Both of these concerns strike me both ridiculous and a little insulting.
Calling my concerns ridiculous is a little insulting as a matter of cold fact, so maybe don't ask question you don't want answered, and then insult people for the answers you asked for? Don't ask for people's lived experience and then take a dump on it, eh? Also claiming my experiences are "insulting" to some unnamed, anonymous person is some pretty next-level stuff lol.
Are you like, insulted that I wouldn't play in your campaign or something? Surely you wouldn't want me to? There's not much worse than a player who really doesn't want to be there.
Why should they play something else? While I prefer a few other systems (e.g. Tiny Dungeon, Savage Worlds, Barbarians of Lemuria, and, occasionally Rolemaster) to D&D, some people don't want to learn and/or purchase other systems. I know other people that have similar experiences and, as a result, D&D becomes the compromise system for fantasy. However some of those same players not wanting to purchase and/or learn a new system (other than D&D) are fine with customizing the campaign by limiting options. Plus, D&D has a long history of house ruling and campaign customization to tailor the experience.
????
Where did I say "should"? This seems like it's based on you reading words that aren't there.
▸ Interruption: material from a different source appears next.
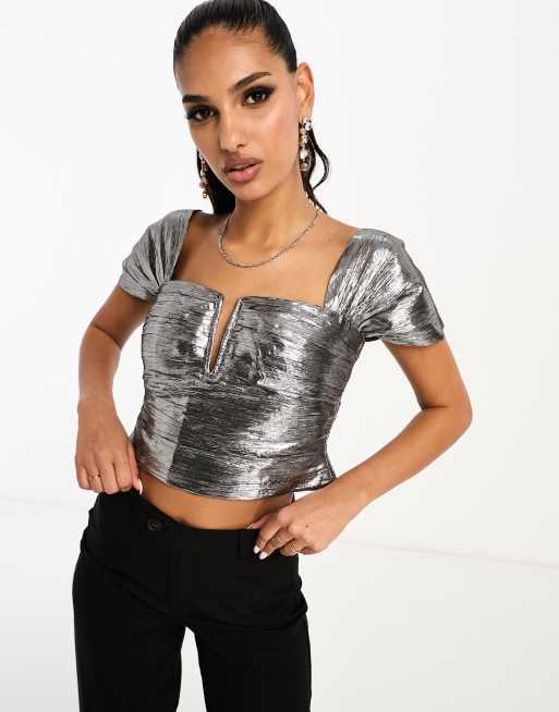 ASOS DESIGN – Kurzes Metallic-Oberteil in Silber

I'm talking about my own preferences.
38 years and multiple all human campaigns later and I've never once seen this. This comment is pretty off base I think.
You say that, but I've seen it happen, multiple times, with human-only campaigns people are suggesting, IRL and on the internet. And the fact that you and Reynard seem so outraged and keen to dismiss it outright, even though it's my lived experience makes me feel like I might have struck a nerve, rather than being "off-base".
To be clear, I don't mean "that's what ur doing u racists!" or something, I mean "I guess you are planning on a single-ethnicity group of PCs from a single town" (or have done that before) and are alarmed that some people might find that a bit concerning.
I would have first guessed they were trying to play something historical that would have been roughly that way and didn't want the focus to be on the fact one PC didn't fit the setting. (Something set in Japan without Tom Cruise, or set in Scandinavia without Arak, or pre-Viking Americas without who knows what, or....). I guess I should feel lucky that I haven't played with folks who would have made me guess something unpleasant.
That's the thing though, isn't it?
This is D&D. From when I started playing it, back in 1989, it had a colourful and wild cast of species, races, cultures, ethnicities. The first settings I saw were Taladas, Spelljammer and the Forgotten Realms. All of them extremely diverse (and Taladas actually more "real"-feeling than Anaslon for it). Every party I read about in D&D novels was diverse-as-hell, at least in terms of background and species. Even outside of D&D, whilst LotR's hobbits may all be from one little town, they're mixing with a half-elf (in D&D terms), an elf, a dwarf, humans from distant cultures and so on. I didn't even run into the idea of an "all-human" campaign until it was mentioned in a setting book a year or three later.
So when I see "all humans" I narrow my eyes slightly, and I definitely want to know what's the goal. If it's to simulate some historical period, I'm probably out because that likely also means no/low magic (including magic items), no dungeons (per se), no dragons, and totally personal opinion, but I don't think any edition of D&D works particularly well for historical settings, nor would I pick D&D for a game definitely featuring little/no magic, dungeons, dragons, or direct equivalents thereof.
If it's "you must all be from this small village" I'm even less interested, because typically that does involve an ethnicity being specified, and as you point out, they don't want anyone outside that ethnicity because, for reasons unknown, they think the campaign would "focus" on them. I've never seen that to be true. If anything, the "one weird PC" tends to get excluded from stuff (which can equally be a problem, but of the opposite kind) rather than getting centered. If you ran The 13th Warrior as a campaign, Antonio Banderas' character would probably be excluded or on the edge of most scenes, not at the centre of them.
And it's not usually outright racism or bigotry behind "You must all be humans from this village" (which happens to be ethnically white), but rather the whole "Reject modernity, embrace tradition" nonsense that Tracy Hickman tweeted about. Which in my experience means the campaign is likely to be some sort of ham-fisted attempt to recreate Lord of the Rings or similar, at best, or at worst, some sort of attempt to "go back to the good old days*" when heroes were all muscular dark haired pale-skinned men who rescued blondes from swarthy wizards, or fighting off subhuman hordes (who curiously seem to all be non-white) with all the low-level but constant racism that implies.
I have played in all-human campaigns which were perfectly good, note, even a "you are all from a small village" (though there was no suggested ethnicity - it was a fishing village on a busy coastline so people could have been from all over). But I am pretty suspicious, and unless the campaign sounded fantastic and there was a good reason for it being human-only (that wasn't "this is a low/no magic historical campaign!")
* = NB these "good old days" didn't exist - not even Conan is really like that.